Researchers noted no late effects of rituximab have been observed. – by Melinda Stevens

Disclosures: Roche and Amgen funded the study. Le Gouill reports personal fees and nonfinancial support from Roche, grant support and personal fees from Janssen-Cilag and personal fees from Celgene outside the submitted work. Please see the study for a list of all other authors’ relevant financial disclosures.

    Perspective

    Brad S. Kahl, MD

    The impact of this study is anticipated to be large. Prior to this report, there were no data that suggested benefit for maintenance rituximab after autologous stem cell transplantation in mantle cell lymphoma. Any data supporting maintenance rituximab had been generated from older patients who had received less intensive therapies. In addition, most lymphoma trials that tested maintenance rituximab have been unable to demonstrate an OS benefit.

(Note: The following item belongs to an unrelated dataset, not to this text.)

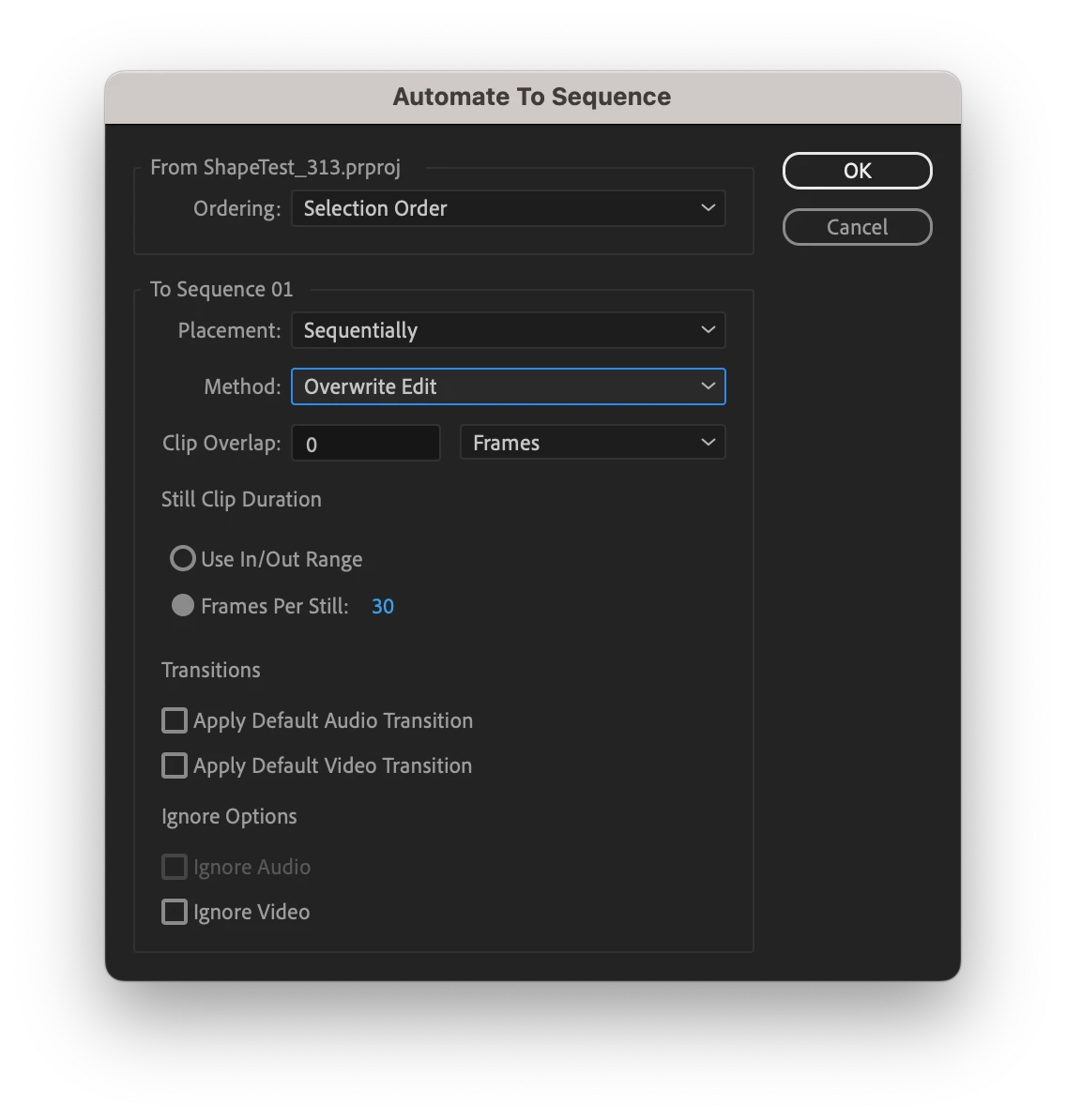 I have a problem creating videos with "automate to sequence".

    This trial clearly demonstrates the substantial impact of maintenance rituximab as a therapeutic intervention in mantle cell lymphoma. I would expect that this trial will result in a change in the standard of care worldwide. I also would anticipate that these results will be extrapolated to patients who undergo autologous transplantation no matter what type of induction regimen they received and no matter what type of stem cell transplant conditioning regimen they received.

    The 3-year duration of maintenance therapy is a bit unusual. Most studies in follicular lymphoma have limited the duration of maintenance exposure to 2 years. It is not entirely clear why the authors selected 3 years in this particular trial, but certainly the results speak for themselves, and 3 years of maintenance should become the standard of care for younger patients with mantle cell lymphoma.

    Brad S. Kahl, MD

    HemOnc Today Editorial Board Member

    Washington University School of Medicine in St. Louis

    Disclosure: Kahl reports no relevant financial disclosures.